Exercise aim - Return only the lines of the data below from the line with "This sterling silver" up to and including the line with "The artwork features", exactly as written, with the pictures omitted.

Exercise data -
* * * * *
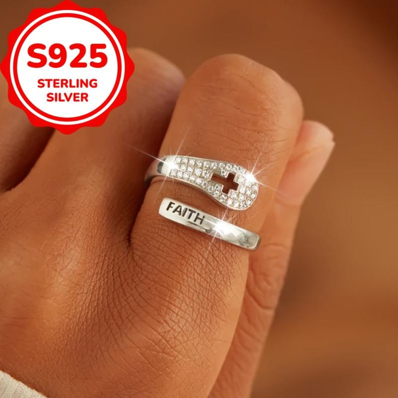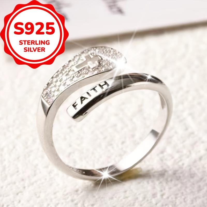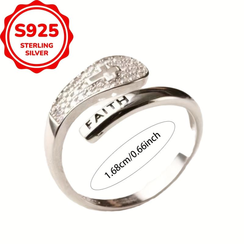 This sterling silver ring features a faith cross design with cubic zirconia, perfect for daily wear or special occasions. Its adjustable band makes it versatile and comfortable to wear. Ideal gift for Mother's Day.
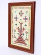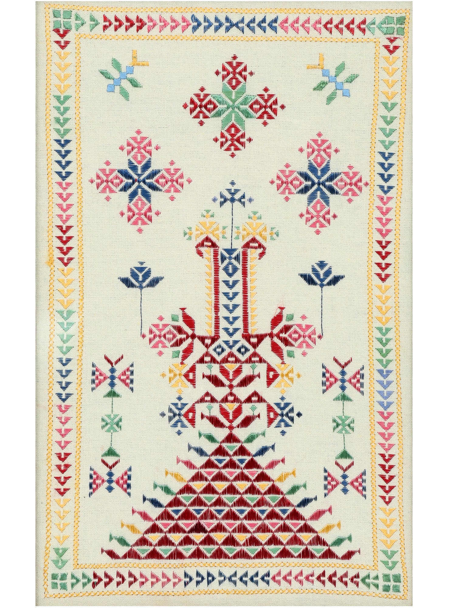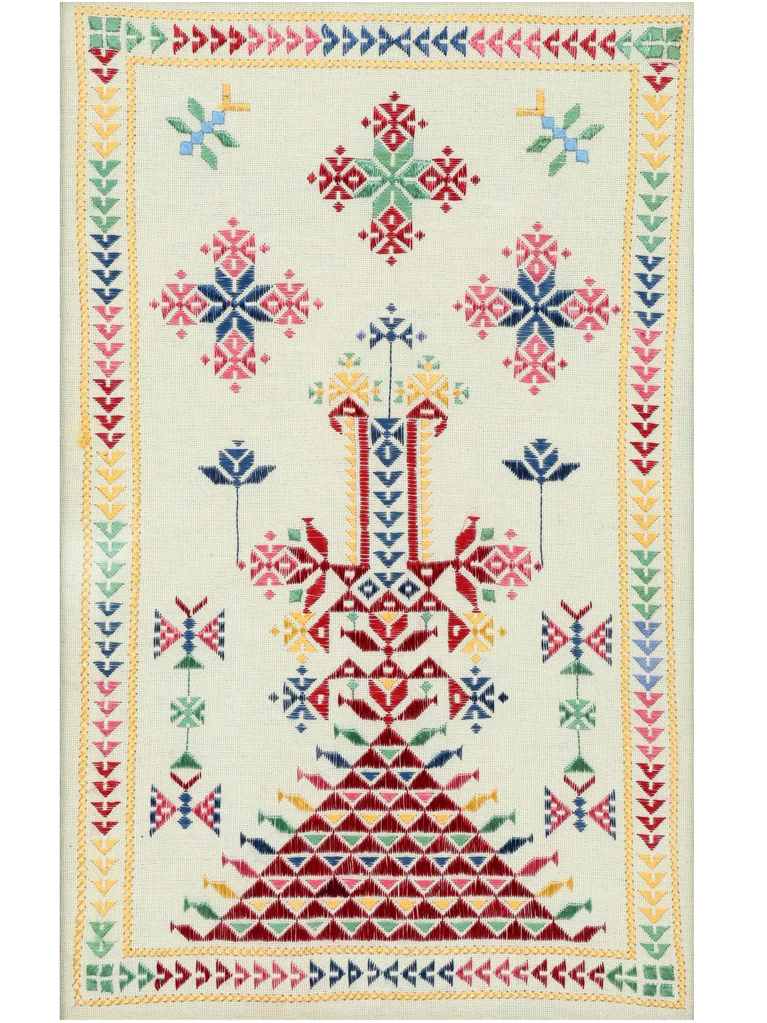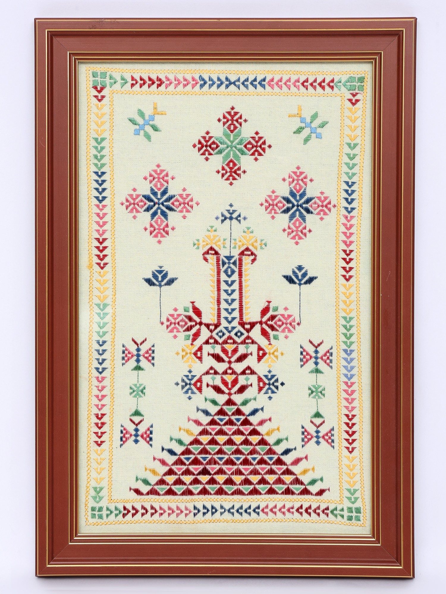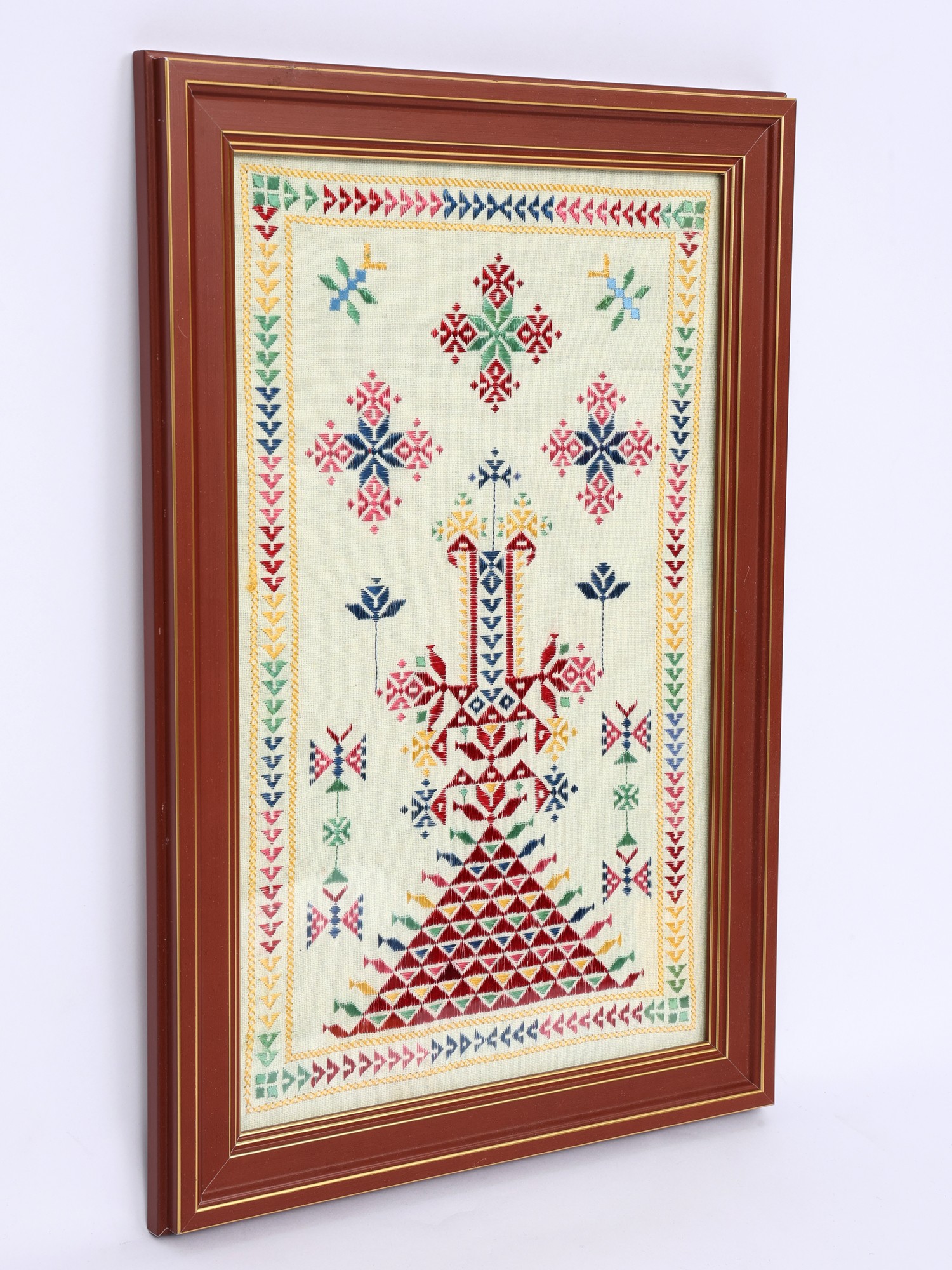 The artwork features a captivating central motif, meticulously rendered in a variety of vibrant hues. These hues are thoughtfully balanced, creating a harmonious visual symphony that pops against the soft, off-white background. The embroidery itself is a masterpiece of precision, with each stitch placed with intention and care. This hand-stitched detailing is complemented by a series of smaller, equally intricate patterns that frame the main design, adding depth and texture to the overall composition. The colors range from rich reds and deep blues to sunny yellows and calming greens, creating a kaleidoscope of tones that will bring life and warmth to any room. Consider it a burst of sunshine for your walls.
* * * * *
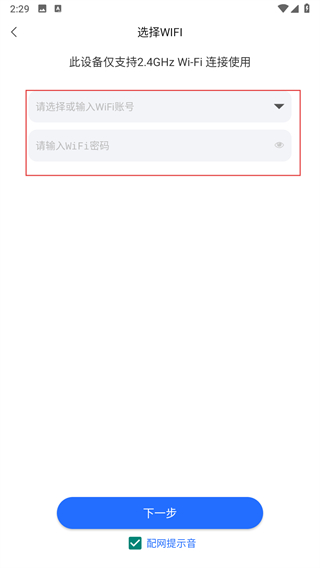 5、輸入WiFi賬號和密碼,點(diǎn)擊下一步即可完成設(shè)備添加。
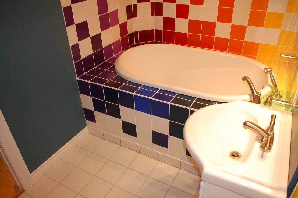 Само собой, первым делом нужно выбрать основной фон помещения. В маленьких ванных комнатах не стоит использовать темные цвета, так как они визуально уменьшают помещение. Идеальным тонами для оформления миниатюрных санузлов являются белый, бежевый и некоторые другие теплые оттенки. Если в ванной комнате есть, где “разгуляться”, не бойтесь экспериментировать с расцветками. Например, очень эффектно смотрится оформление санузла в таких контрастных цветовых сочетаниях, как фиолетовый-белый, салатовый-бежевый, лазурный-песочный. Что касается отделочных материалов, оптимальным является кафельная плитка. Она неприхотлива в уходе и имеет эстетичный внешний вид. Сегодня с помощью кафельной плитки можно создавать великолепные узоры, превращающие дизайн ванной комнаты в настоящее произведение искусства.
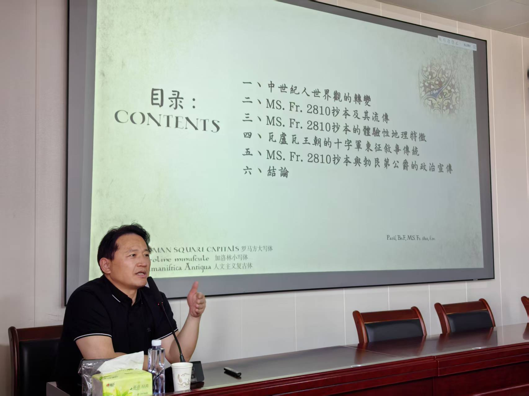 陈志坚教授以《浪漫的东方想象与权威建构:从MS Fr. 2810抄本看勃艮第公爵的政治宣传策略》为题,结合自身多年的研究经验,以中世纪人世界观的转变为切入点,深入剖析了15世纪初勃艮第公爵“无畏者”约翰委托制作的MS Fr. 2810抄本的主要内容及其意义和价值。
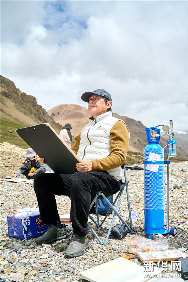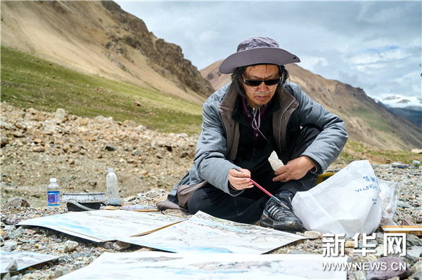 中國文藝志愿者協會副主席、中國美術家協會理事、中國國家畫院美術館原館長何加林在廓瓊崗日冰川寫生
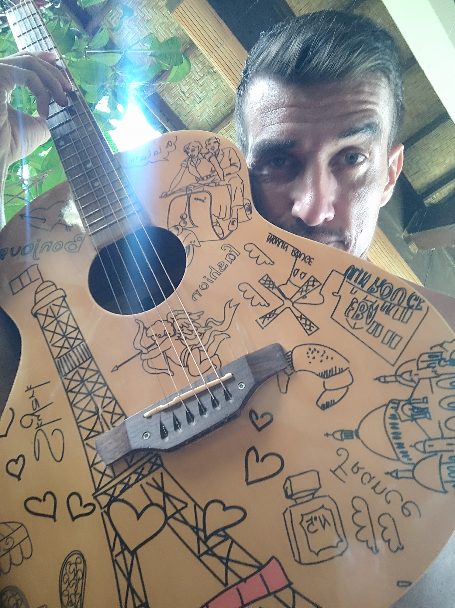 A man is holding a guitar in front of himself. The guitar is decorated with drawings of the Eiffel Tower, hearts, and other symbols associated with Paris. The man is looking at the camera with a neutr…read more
* * * * *
Completed exercise -
 This sterling silver ring features a faith cross design with cubic zirconia, perfect for daily wear or special occasions. Its adjustable band makes it versatile and comfortable to wear. Ideal gift for Mother's Day.
 The artwork features a captivating central motif, meticulously rendered in a variety of vibrant hues. These hues are thoughtfully balanced, creating a harmonious visual symphony that pops against the soft, off-white background. The embroidery itself is a masterpiece of precision, with each stitch placed with intention and care. This hand-stitched detailing is complemented by a series of smaller, equally intricate patterns that frame the main design, adding depth and texture to the overall composition. The colors range from rich reds and deep blues to sunny yellows and calming greens, creating a kaleidoscope of tones that will bring life and warmth to any room. Consider it a burst of sunshine for your walls.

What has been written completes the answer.